A gastronomia francesa sempre foi um ponto de referência, mas, eu acho que, hoje, a gente pode abrir um pouco mais os olhos. Com as redes sociais e tudo ao redor, a gastronomia mudou muito. Nós temos apenas dois tipos de comida: a boa e a ruim. Mas, através de tudo isso, a gente não pode ter vergonha das nossas raízes. Um clássico, como uma feijoada, bem feito, nunca vai sair de moda, sempre vai ficar dentro da nossa memória.
Quem te inspira na cozinha?
Parece muito pretencioso falar isso, mas eu nunca tive uma inspiração. Eu tive pessoas que mudaram muito a minha vida, de parcerias de trabalho e que foram muito importantes. No Brasil, tem o homem que foi me buscar na França que era dono do restaurante Le Coq Hardy, em São Paulo, o Vincenzo Ondei. Ele falou: "Eu vou mudar tua vida e você vai ser rico". Ele mudou, mas não sou rico, ele fez apenas uma parte (risos).
Existe algum ingrediente que você sente falta da França?
Não é um ingrediente. É o tempo, a estação. Na França, a gente tem muito produto sazonal, esperamos a primavera para ter o champignon, aqui não tem champignon selvagem. O morango, por exemplo, tem o ano todo no Brasil, não se colhe apenas na época certa dele. Então, isso que falta um pouco aqui. Mas, tem muita coisa boa aqui que a França não tem, como manga, figo, pupunha... A gente tem que saber trabalhar com todas as maravilhas que temos aqui, e não buscar aquilo que só tem na França.
Como você avalia o cenário da gastronomia atualmente, é algo mais democrático, as pessoas consomem mais?

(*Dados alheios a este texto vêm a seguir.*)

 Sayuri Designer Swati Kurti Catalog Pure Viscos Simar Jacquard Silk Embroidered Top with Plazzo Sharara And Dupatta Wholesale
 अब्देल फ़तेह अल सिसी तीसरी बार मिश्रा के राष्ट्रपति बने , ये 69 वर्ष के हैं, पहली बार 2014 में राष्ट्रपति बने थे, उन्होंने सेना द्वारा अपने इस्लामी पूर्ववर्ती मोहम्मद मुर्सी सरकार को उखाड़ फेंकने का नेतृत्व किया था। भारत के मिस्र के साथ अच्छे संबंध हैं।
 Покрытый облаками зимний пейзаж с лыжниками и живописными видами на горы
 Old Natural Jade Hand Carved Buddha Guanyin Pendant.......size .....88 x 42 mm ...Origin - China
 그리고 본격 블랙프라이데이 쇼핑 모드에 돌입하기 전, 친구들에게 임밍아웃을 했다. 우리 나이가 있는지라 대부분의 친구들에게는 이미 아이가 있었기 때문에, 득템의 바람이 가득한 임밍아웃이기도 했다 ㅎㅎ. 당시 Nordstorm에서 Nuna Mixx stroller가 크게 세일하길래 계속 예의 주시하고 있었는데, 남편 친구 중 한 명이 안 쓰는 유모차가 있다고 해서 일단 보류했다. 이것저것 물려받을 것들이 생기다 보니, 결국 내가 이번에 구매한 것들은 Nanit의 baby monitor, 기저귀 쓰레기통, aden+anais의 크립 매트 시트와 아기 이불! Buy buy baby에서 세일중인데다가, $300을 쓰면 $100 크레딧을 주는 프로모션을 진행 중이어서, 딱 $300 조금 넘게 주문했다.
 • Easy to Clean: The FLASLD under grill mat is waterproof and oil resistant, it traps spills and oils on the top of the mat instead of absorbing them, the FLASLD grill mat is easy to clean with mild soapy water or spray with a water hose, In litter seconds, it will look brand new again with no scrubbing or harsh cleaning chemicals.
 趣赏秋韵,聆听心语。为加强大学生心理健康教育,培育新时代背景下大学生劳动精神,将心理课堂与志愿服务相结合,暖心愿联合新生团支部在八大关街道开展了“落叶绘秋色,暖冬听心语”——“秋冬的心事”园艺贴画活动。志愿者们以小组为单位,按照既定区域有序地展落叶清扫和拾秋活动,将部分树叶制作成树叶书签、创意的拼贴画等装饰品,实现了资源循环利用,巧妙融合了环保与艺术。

A gastronomia é um pratimônio cultural e quem faz um patrimônio são as pessoas em casa, não são os profissionais. Quem tem a cultura regional de um lugar. Eu falei isso em uma entrevista e me chamaram de arrogante, mas há uns 20 anos, eu não imaginava que comeria farinha. Muita gente, aqui no Brasil, coloca uma colher de farinha de mandioca no prato com arroz e feijão. Isso vem da cultura das pessoas e eu não imaginava. Hoje, eu adoro, é uma delícia! Isso faz parte da evolução da gastronomia e, com certeza, os reality shows têm uma parcela muito importante nisso. A televisão faz com que as pessoas mudem suas percepções e comam de forma diferente. Além de estarem pesquisando mais. Conhecer a história da gastronomia brasileira muda tudo.

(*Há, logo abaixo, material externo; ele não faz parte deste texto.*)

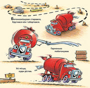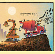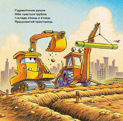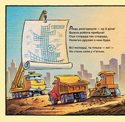 Продовження улюбленої історії про великі будівельні машини: від ранкового підйому й заправки до робочого дня на будмайданчику. Яскраві ілюстрації та простий, ритмічний текст допомагають дітям зрозуміти процес будівництва та цінність співпраці. Книга підходить для найменших читачів і може бути використана як під час денних читань, так і перед сном.
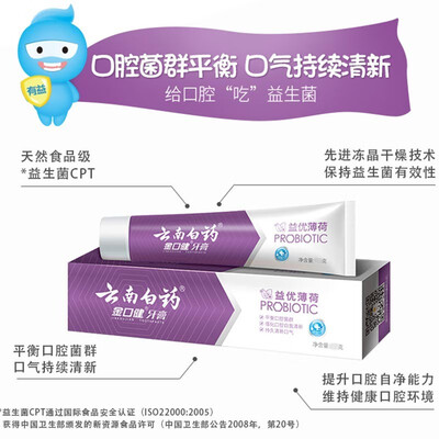 富含云南白药口腔益生菌CPT,以菌克菌,平衡口腔菌群,缓解口腔异味,提升口腔自我清新能力,促进牙龈和口腔组织营养供应。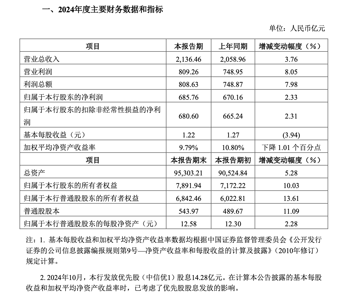 (中信銀行2024年主要財(cái)務(wù)數(shù)據(jù)和指標(biāo))
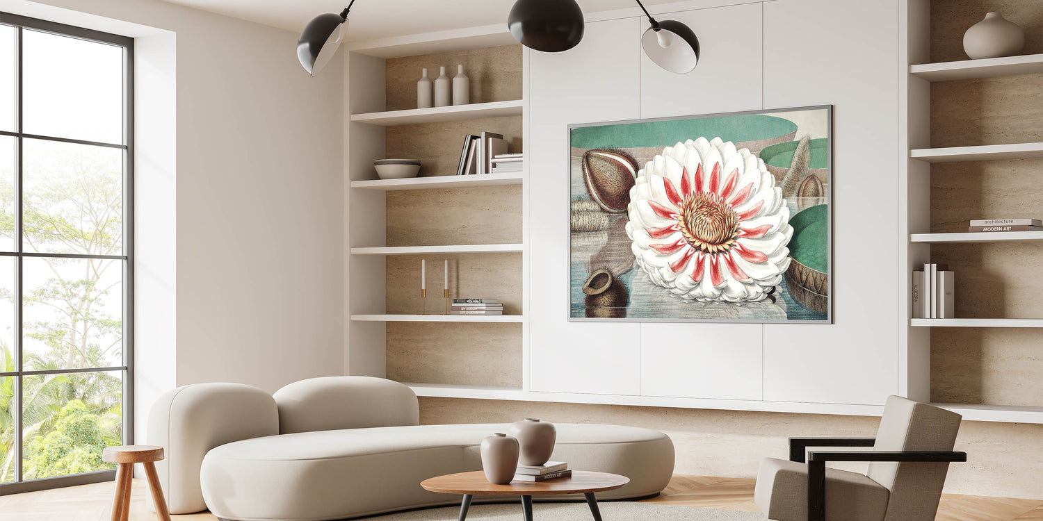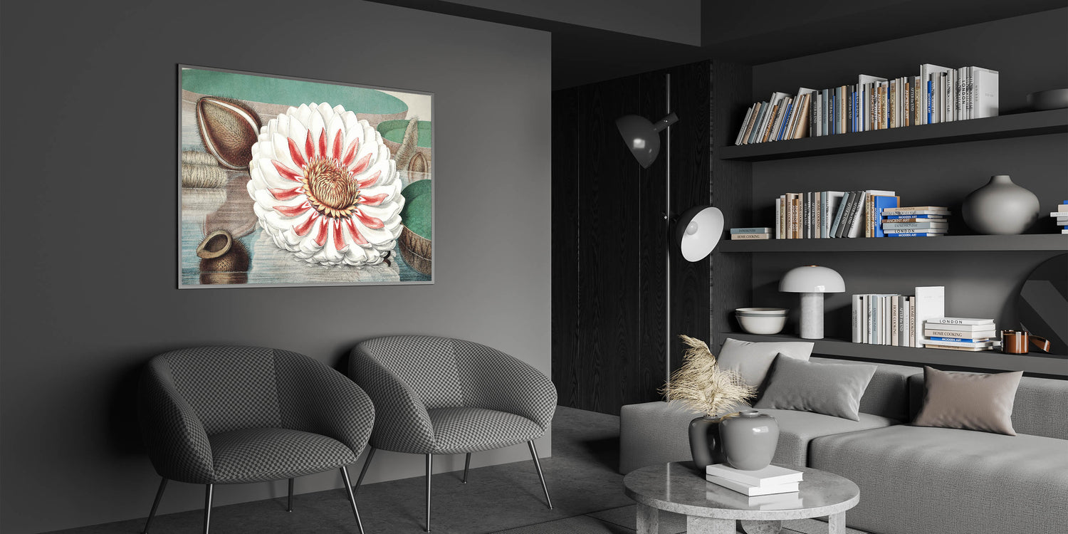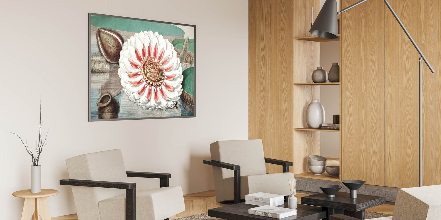Add a stunning touch of botanical beauty to your decor with "The Victoria Regia: or the Great Water Lily of America" by William Sharp. This remarkable artwork from 1854 captures the intricate details and vibrant colors of the grand water lily in full bloom. The composition features delicate white petals accented with red tips, surrounded by lush green lily pads and seed pods, creating a serene yet captivating scene. This piece is perfect for lovers of botanical art and anyone who appreciates nature’s wonders.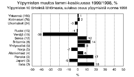 Lähde: Matkailutilasto 1999, kesäkuu. Tilastokeskus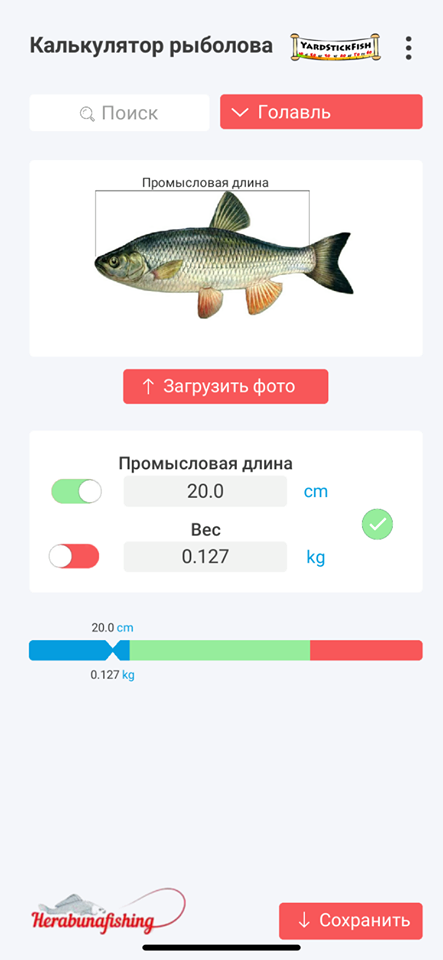 Для тех кто любит ловить рыбу и заботится о природе вышло новое бесплатное приложение - Yardstick Fish! Версия для Андроид: https://play.google.com/store/apps/...HdtNibNMWxfY0TouoInrEm86EhcJkHxZJPcjhDPUfXbG0 Версия для ИОС https://apps.apple.com/ru/app/yardstick-fish/id1497711333 Теперь можно в любом месте используя свой смартфон определить вес рыбы по ее длине, или длину по весу! Уникальный алгоритм позволит провести расчеты с точностью 90% для 22 видов рыб! Кроме этого Yardstick Fish на вашем фото сохранит параметры улова и Вы всегда сможете посмотреть на результаты рыбалки. Самое главное - линейка результатов подскажет какой размер конкретного виды рыбы рекомендуется отпустить (синяя зона) или какой экземпляр является трофейным (красная зона)! Поймал, Сфотографируй, ОТПУСТИ!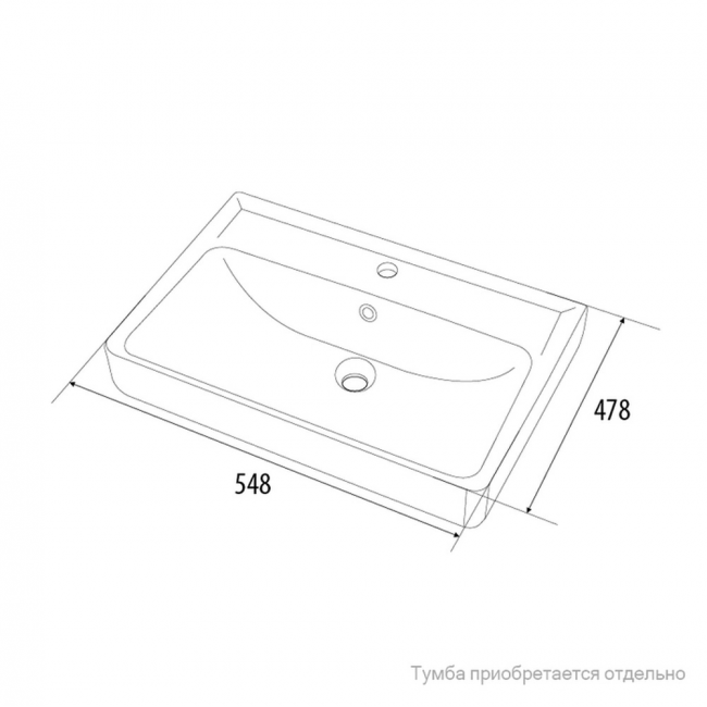 Умывальник мебельный. Материал: фаянс. Размеры: 478х548 мм (ДхШ). Подходит к тумбам Carlow 55, Custo 55.

Por onde começa o processo de criação de menu do seu restaurante?
Eu começo pelo ingrediente. Ele deve chamar atenção, deve ser de qualidade. A comida deve ser simples. Você tem que sentir o que está comendo. Um dia me falaram que acharam espinho de peixe no prato. Claro, peixe tem espinho. No meu restaurante, o peixe tem espinho igual qualquer outro.

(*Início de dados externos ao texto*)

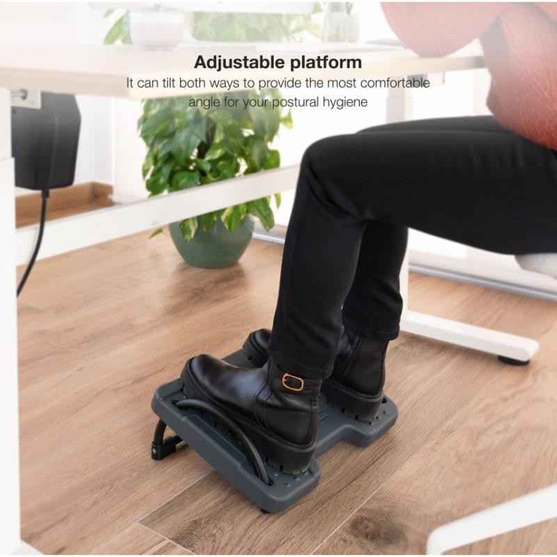 Disfruta de la comodidad de trabajar en casa o en la oficina con nuestro reposapiés TooQ TQFR0601-G. Este accesorio te permitirá adoptar una postura saludable y sentirte más confortable mientras realizas tus actividades cotidianas. Es totalmente ajustable a tus preferencias. Disponible en color gris.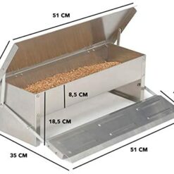 Descriptif de la mangeoire XL pour poules et volaillesNourrissez vos poules en toute tranquillité pendant vos absences avec ce distributeur automatique XL pouvant contenir jusqu’à 5 kg de nourriture.Les poules étant de grandes consommatrices de graines et légumineux, vous n’aurez plus à vous soucier de savoir si elles ont assez de quantité grâce à ce réservoir pour grains XL. Élément incontournable pour un élevage réussi, la mangeoire est équipée d’un couvercle qui s’ouvre lorsque la poule se positionne sur la plateforme prévue à cet effet. Un poids minimum de 500 gr est nécessaire pour actionner le levier. Une telle conception évite aux oiseaux, rats ou autres nuisibles de voler la nourriture de votre élevage. Ce fonctionnement intelligent joue sur le comportement alimentaire naturel de vos poules en leur permettant d’accéder à leur nourriture, uniquement lorsqu’elles ont faim.Avec sa capacité de réserve XL, la mangeoire offre de belles dimensions. Profitez d’un bac pouvant accueillir jusqu’à 5 kg de nourriture et mesurant 51 cm de longueur x 21 cm de largeur x 8.5 cm de hauteur. Vous pourrez nourrir plusieurs poules et cela pendant quelques jours selon la taille de votre élevage. Pratique et résistante, ce distributeur automatique innovant permet de conserver de manière optimale la nourriture de vos poules et évite le gaspillage grâce à ses parois fermées. Dimensions de la mangeoire XL pour poules et volailles- Dimensions totales : Longueur 51 cm x largeur 35 cm x Hauteur 18.5 cm- Dimensions couvercle : Longueur 51 cm x largeur 21 cm- Profondeur du bac : 8.5 cm- Dimensions de la plateforme à levier : Longueur 51 cm x largeur 13 cm- Hauteur du levier : 7 cm- Poids nécessaire sur la plateforme pour ouvrir le couvercle : 500 gr- Capacité de réserve totale : 5 kg- Matériaux : acier galvanisé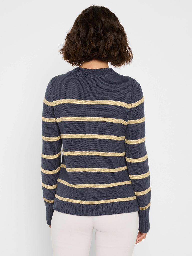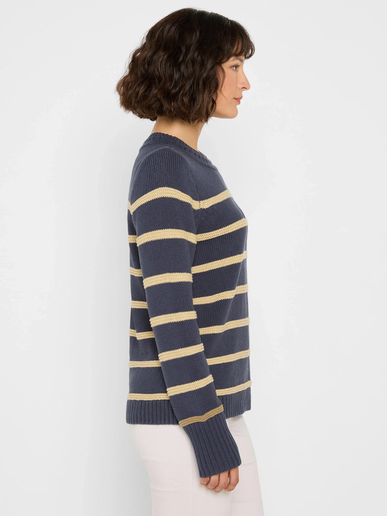 Because every closet should have at least one "when in doubt" style. In timeless stripes that never go out of style. She may look easy and effortless at first glance but look closer and discover elevated details like plied up cotton for extra coziness, rib cuffs and hem, a subtly new crewneck silhouette, and detailing around the built-up neck that uses three different knit techniques. Available in Grey and Navy.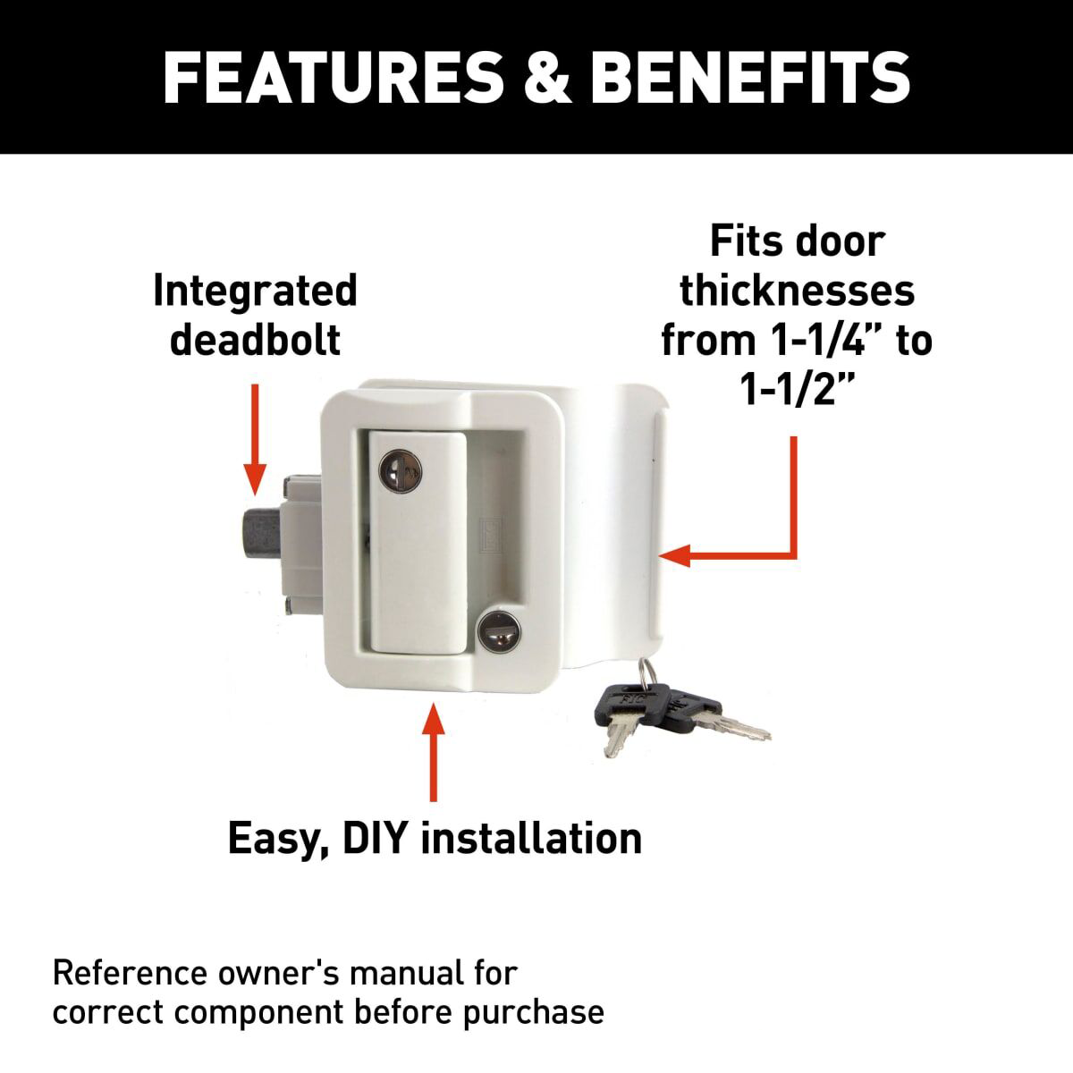 COMPATIBILITY — Fitting RV entry doors with thicknesses ranging from 1-1/4” to 1-1/2”, this latch matches a variety of entry doors, and is available in either black or white color options. Please measure your door beforehand to ensure compatibility.

Tem gente que não gosta de criar, gosta de replicar. Eu não gosto da monotonía, não gosto que todos os dias sejam iguais, então sempre tento fazer algo diferente. Mas, isso tem que ter cuidado. Quando se faz um menu degustação, tem que ser atenção aos produtos. O mesmo menu não pode repetir um produto muitas vezes. O cardápio tem que ser curto, bem feito, com produto de qualidade. Se você conseguir surpreender três vezes, dentro de um menu, isso é uma vitória muito grande.
Onde a culinária francesa e a brasileira se encontram?
Pouca gente sabe, mas o Brasil tem a maior fronteira com a França. São 750km de fronteira geográfica com a Amazônia, não é uma colonização simplesmente, é a França. Quem nasce lá é francês, tanto quanto eu. Então, Brasil e França têm uma ligação muito forte. Tem muito chef brasileiro que, no início, se inspirava muito mais na comida que os franceses faziam e, hoje, faz uma gastronomia extremamente brasileira, com o Alex Atala, que, para mim, é um dos embaixadores da gastronomia brasileira no mundo. Ele conseguiu mostrar a cultura moderna daqui com técnicas da culinária francesa. É uma fusão de cozinhas que casou muito bem.
Qual comida você prepara para si mesmo?
Uma coisa muito simples: massa na manteiga com ketchup.
Existe alguma comida que você não comeria de jeito nenhum?
Comida ruim.
Se pudesse escolher um único prato para comer o resto da vida, qual seria?
Seria um ingrediente, o caviar. Eu amo caviar.